There are also moments to remind early fans why they first fell in love with The Unthanks. Singing Bird opens with an organ and the stark, lone voice of Niopha Keegan painting a bucolic landscape with this old love song, “But there’s none of them can sing so sweet / my singing bird / as you”. A trumpet solo by Lizzie Jones allows for a moment of reflection between verses. This rendition is performed with such tender beauty it sends a shiver down the spine, and if any of the songs here bring a tear to the eye, this one will.

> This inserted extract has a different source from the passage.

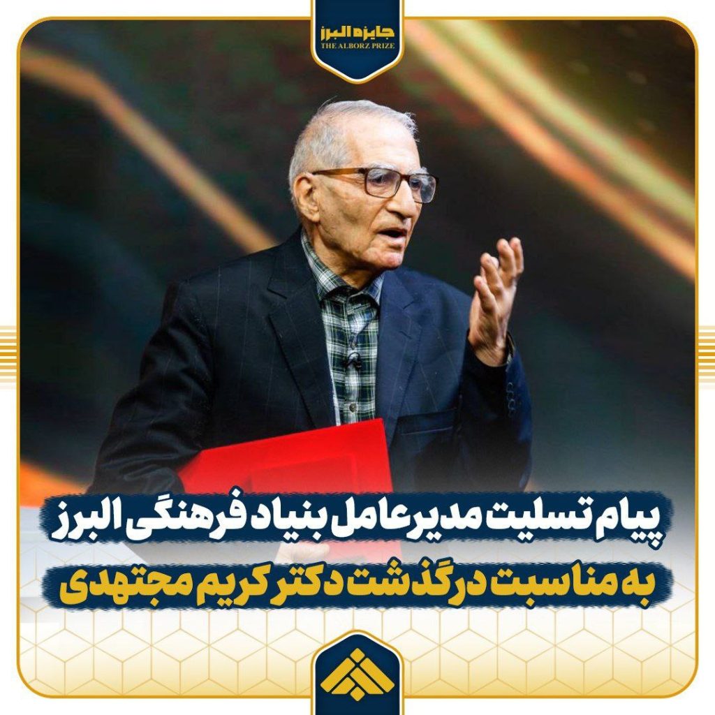 پیام تسلیت مدیرعامل بنیاد فرهنگی البرز به مناسبت درگذشت دکتر کریم مجتهدی فیلسوف برجسته معاصر و برنده جایزه البرز ۱۴۰۰

Waters of Tyne continues in this very stripped-back way. The chords of this traditional folk song (originating from The Unthanks’ north-east roots and first collected as early as 1810 by John Bell) are played on a guitar that calls to mind the delicate playing Paul Brady. Subtle found sounds of nature contextualise the watery setting, providing a stage for the solo voice to sing its message of longing “I cannot get to my love if I would die / for the water of Tyne runs between him and me”.

The tunes of this album feel as though they have been very carefully and intentionally selected as a balm for all of us emerging from the pandemic. Ancient messages of separation, longing and grief have a whole new meaning in the context of our collective experience of lockdown.

The most vital sense of healing comes at the record’s close, with the title track Sorrows Away (Love is Kind); the song combines two traditional songs, one, commonly known as Thousands or More, with a lesser-known Irish song, Love is Kind which has been performed by the likes of the Clancy Brothers and Tommy Makem – it also featured on Lankum’s debut album Cold Old Fire. The pronunciation ‘ee-hah-wah’ (meaning “goodnight”) after passing through many hands, has turned into ‘heave-ah-wah’ and is chanted in a moment of stillness, before the ultimate album-end. Soaring strings, crashing drums, woodwind and brass; the whole ensemble gives it their all while a chorus sings “Sorrows Away! Sorrows Away!” half wish, half instruction.

The Unthanks have graced us with their most extraordinary record to date. It is a tonic to lift the spirits and marks a momentous moment in the career of one of the greatest folk bands in the UK today.

Sorrows Away is out today, 14th October 2022.